In 1859, Brown married Mary Eliza Dircksey Wittenoom. They had four surviving children (Blanche, Edith, Forrest, and Clarence). Mary died in 1868 during child birth.

==Failed partnership with his brothers==

In June 1863, while away on the Glenelg River expedition, Brown's father died, and the brothers formed a partnership under which they managed Glengarry—Messrs K, A & M Brown. Over the next decade, the Champion Bay area suffered severely from drought, wheat rust and sheep scab. By 1871, Glengarry was heavily mortgaged and running at a loss.

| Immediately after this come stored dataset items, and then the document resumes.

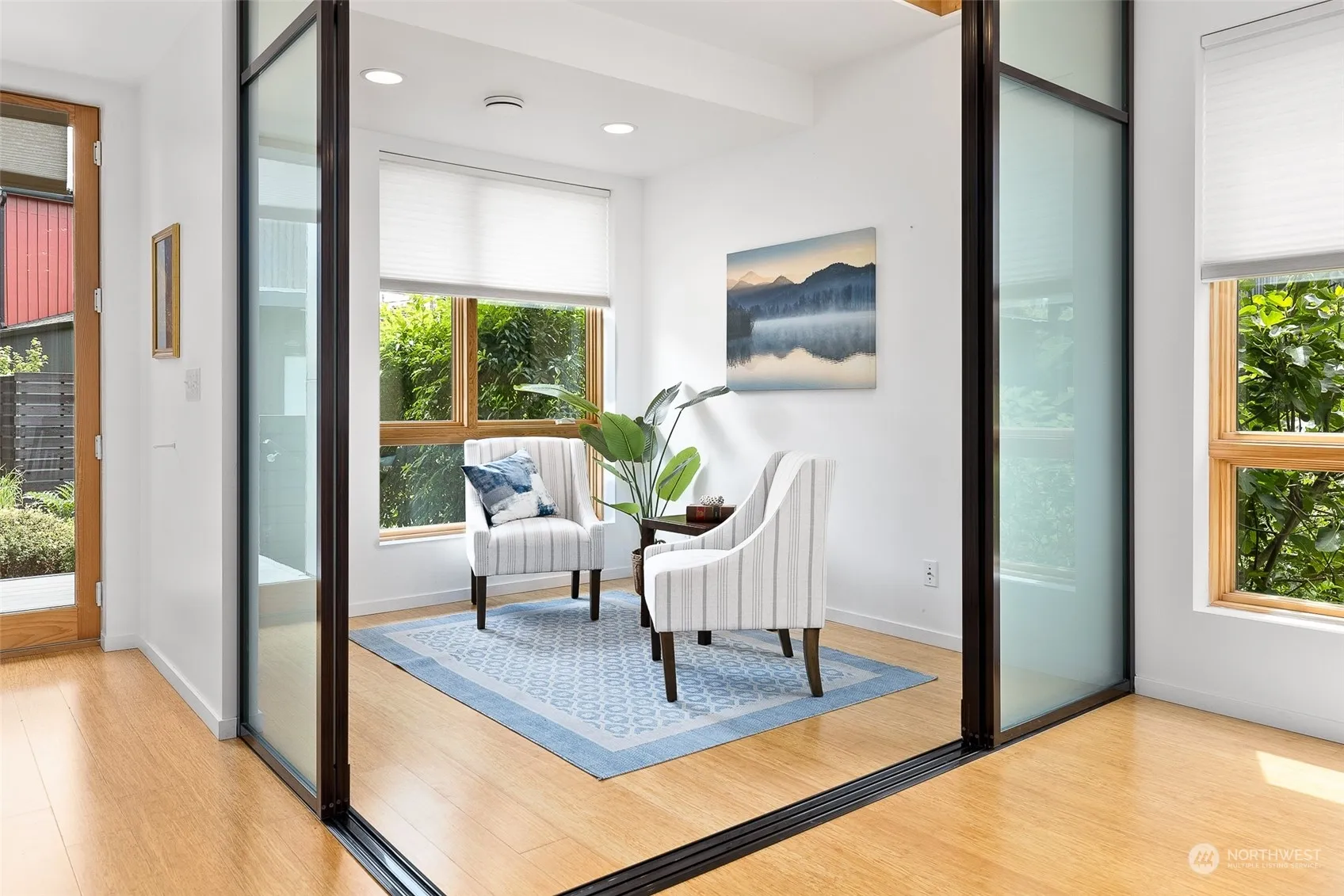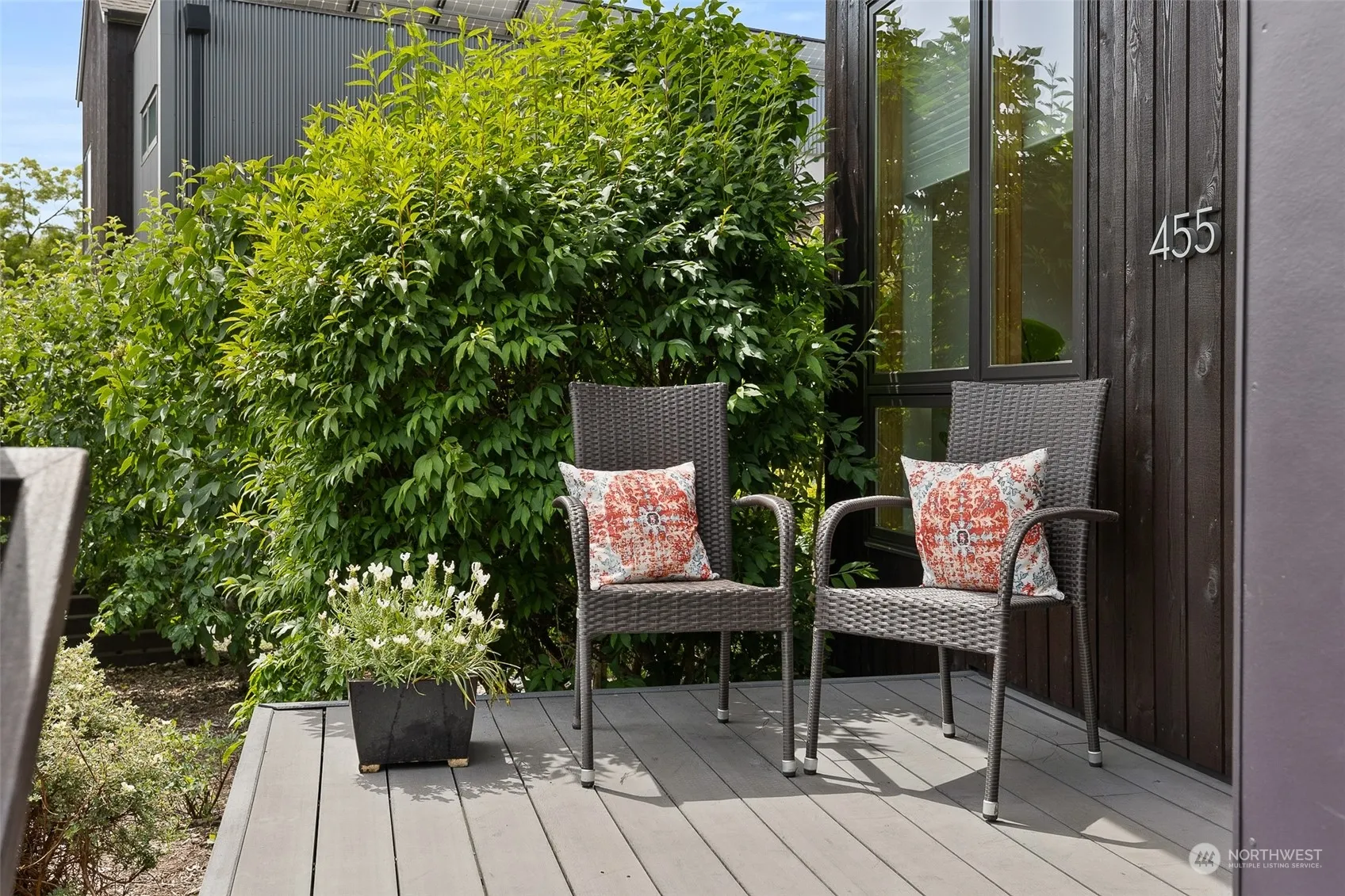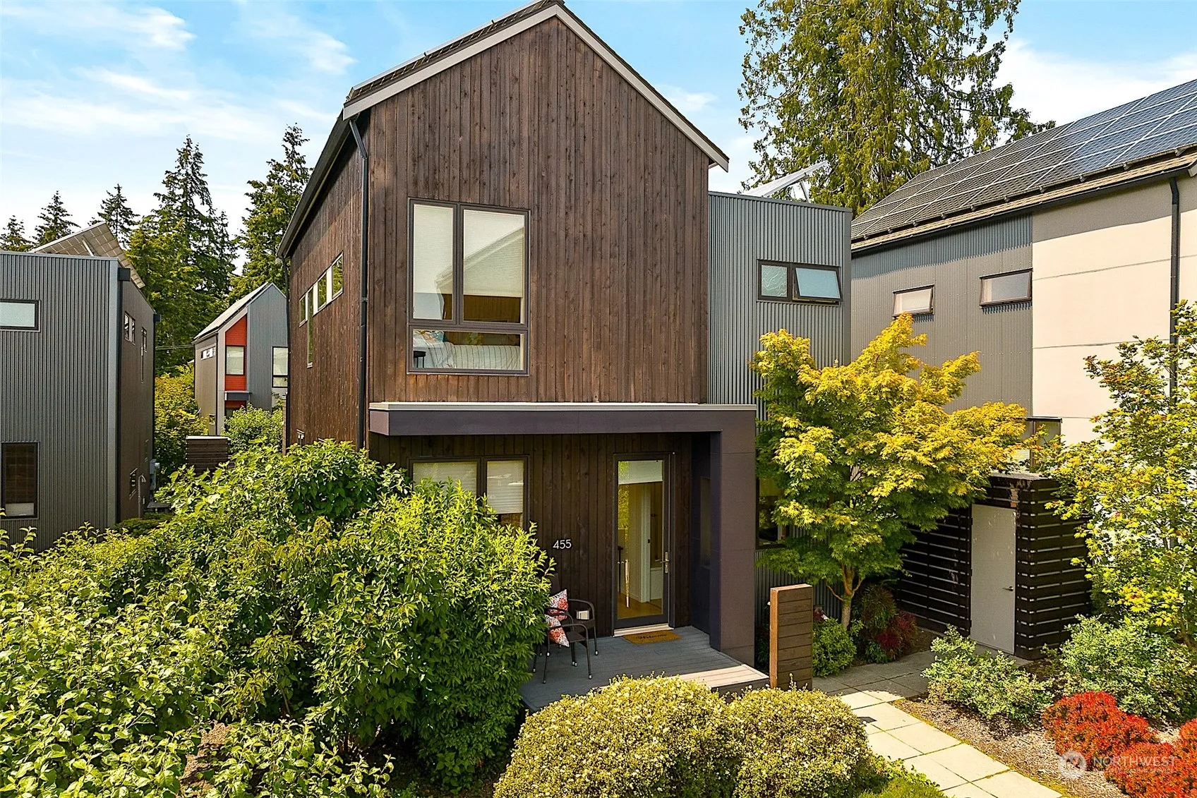 Rare offering at the Grow Community featuring an exceptional standalone home including detached studio with ¾ bath. One of the largest units in Phase I includes a fenced yard and spacious IPE deck connecting the main home to the studio. Main home features 3bedrooms, 2.5 baths + den with glass screen doors for privacy. Studio boasts an additional 200sf, perfect for guests, home office or other creative pursuits. Rated 5-star Built Green with solar panels means your electric bills are under $8/month. Gorgeous landscaping throughout includes fruit trees & raised veggie beds. Don’t miss out on this incredible sustainable retreat in one of the most coveted in-town locations close to Winslow’s best shopping, restaurants & entertainment.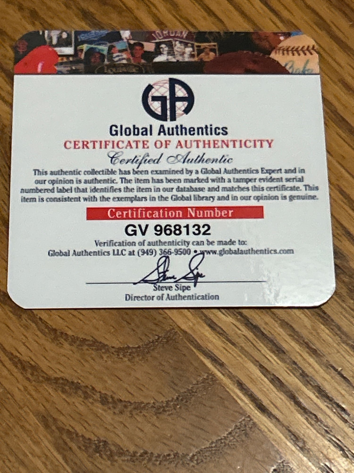 Signature has been certified, but What's In The Box does not recognize Global Authentics as a reputable authentication company. For that reason, we cannot guarantee authentic signature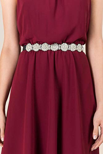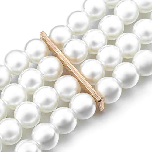 Trimming Shop Donna 4 Fila Bianco Perla Perlina Girovita Cintura per Casual e Festa Abbigliamento con Regolabile Moda Ovale Forma Diamante Fibbia, Accessorio alla Moda, 57cm

==Second marriage and murder==

While in Melbourne, Brown married Mary Ann Tindall (born 1849). They re-located to New Zealand and for some time operated the Courthouse Hotel in Thames (outside of Auckland). In the years 1874 and 1875, they had two children, Rose and Amy. In Thames, Brown showed a range of anti-social behavior that included two court appearances for assault on a local shop keeper and threatening to kill his wife. The family returned to Western Australia in September 1875, by which time the marriage was in trouble, and there are a range of further references to them constantly and openly quarrelling. On their return journey from Melbourne to Fremantle, the couple had a physical altercation that was witnessed by John Forrest. The couple and their children arrived in Champion Bay in October 1875. During this time, Brown continued to show a range of anti-social behaviours, and, on Monday 3 January 1876, during the process of packing up their house to move to other accommodation, he shot his wife dead.

==Trial and execution==

At trial, he elected not to provide any explanation or excuse for his actions and his legal team mounted a defence based on diminished responsibility. The prosecution succeeded in proving the charge at the third trial (the first two trials resulting in hung juries). Brown was found guilty of wilful murder and sentenced to death by the Chief Justice Archibald Burt and hanged on 10 June 1876 at Perth Gaol. The record of inquest proclaimed by Police Magistrate E Landor states that Brown died by hanging.

==Rumors of survival==

Many years later, Rose Burges, the eldest daughter of Brown's second marriage, claimed that while travelling in America she had met her father in a hotel. Because of this, a story persists that Brown's older brother had arranged Brown's escape to the United States. This is considered as improbable, and there is a newspaper report describing how Maitland Brown stood next to Brown on the platform when the bolt was drawn and that Brown's body had to be cut free from the rope and was later buried by relatives, possibly at Guildford (where his mother resided at the time).

==Legacy==

Brown's second child by his first marriage was Edith Cowan (nee Brown). Edith's grandson was Peter Cowan, a celebrated Western Australian author who wrote detailed biographies on Maitland Brown and Edith Cowan. Julie Lewis has suggested that Brown's life and death:is to some extent responsible for Peter Cowan's biographical method and also the motivating force behind some of his fiction. The effect of isolation, of a hostile environment, of grief and emotional deprivation on a person's spirit and the ways in which an individual reacts to these things - mostly in control, but occasionally showing uncharacteristic violence – are recurring themes – for example – "The Empty Street" – a man driven by unseen forces reacts with violence.